Si tratta di una rassegna internazionale dei musicisti di strada. Una vera e propria tradizione che attrae nelle strade del bellissimo centro storico della città emiliana un gran numero di artisti. Musicisti ma anche giocolieri, acrobati, equilibristi, clown ed altri, sempre con grande successo di pubblico.

Ferrara Buskers Festival On Tour porterà tre tappe  della rassegna anche a Mantova (il 17 Agosto), Comacchio (il 18 Agosto) e Lugo (il 21 Agosto).

Ferrara il Buskers Festival: artisti da 35 nazioni

Quest’anno parteciperanno alla rassegna oltre mille artisti provenienti da 35 nazioni diverse, ognuno con il suo posto ed il suo calendario per l’esibizione per numeri impressionanti. Oltre duemila ore di spettacoli dal pomeriggio alla sera inoltrata. 20 gruppi di musicisti invitati di cui quattro arrivano da New York, la città ospite d’onore dell’edizione di quest’anno.

Festival nato nell’officina dell’ideatore, Stefano Bottoni

Il progetto del Buskers Festival nacque nel 1987 da un’idea di Stefano Bottoni, ancora oggi Direttore della manifestazione. Musicista, amante della musica, fabbro ed artigiano, diede vita a questa fantastica idea proprio nella sua officina. Un sogno che si realizzava nel suo amato ambiente di lavoro.

Stefano voleva una Ferrara più cosmopolita. Una città, la sua, in cui si potesse suonare liberamente per strada. La sua idea, approvata anche dal sindaco di Ferrara, diede vita inizialmente ad una rassegna biennale per arrivare ad un vero e proprio Festival.

I promotori del progetto Koradan saranno tra i protagonisti del Buskers Festival

I promotori del progetto Koradan saranno tra i protagonisti del Buskers Festival

Il Buskers Festival di Ferrara è un evento unico ed irrinunciabile, caratterizzato dai migliori artisti di strada italiani, tra cui Koradan, la fusione tra un poli strumentista/costruttore di strumenti etnici Alessandro Baccari e la danzatrice, Marzia Di Cicco.
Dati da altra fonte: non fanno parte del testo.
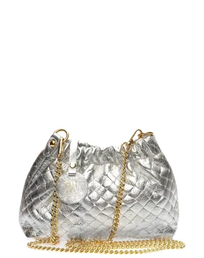 Schultertasche Anita aus silberfarbenem Leder - 14x22x6 cm
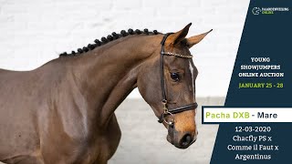 This talented Pacha DXB represents a solid French performance damline and is related to a large number of international showjumpers. Her dam Cartier von der Held DXB combines the top breeding stallions Comme Il Faut and Argentinus, and is herself a half-sister of several 1.35m level showjumpers. Granddam Argentina du Toultia DXB is a half-sister of more than ten international performers, including the 1.50/1.60m level jumping horse Cannonball du Toultia Z (s.Copin van de Broy) of Talal Al Zahem and the 1.40/1.45m level competing Daytona du Toultia and Again du Toultia. Listed as the sire is Chacfly PS, who is performing at international 1.45m level after an exceptional performance in the German stallion test. His oldest offspring stand out in the Youngster Tour.
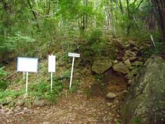 村松峠で水分を補給して一休み。ここから縦走路を外れて、村松沢を下る。この道を歩くのは久しぶりの二回目なので、なかなか新鮮な感覚がある。杉林を急降下すると、流水が現れる。出水があったのか、道は荒れ気味。やがて林道に出る。「松村峠入口」という道標があるけど、なんか違う気が。
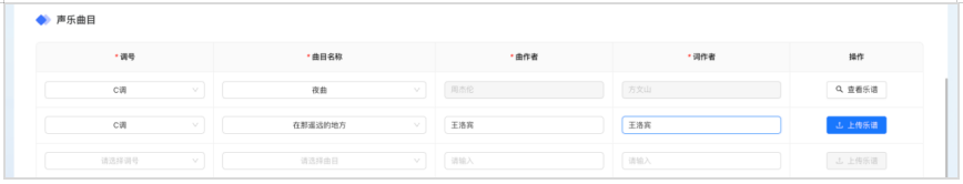 曲目信息可通过系统提供的筛选条件进行搜索并选择,若系统中存在的曲谱、乐谱信息与考生所选不一致,考生可点击编辑曲谱重新上传曲谱、乐谱后进行作词者、作曲者的编辑。

Il Buskers Festival sarà una grande occasione per Alessandro Marzia, i quali offriranno al pubblico un vero e proprio spettacolo poliedrico. Proietteranno gli spettatori in un “viaggio visivo”, attraverso i cinque continenti, grazie alla danza ed alle frequenze strumentali. Linguaggi diversi che si trasformano in un tutt’uno inscindibile.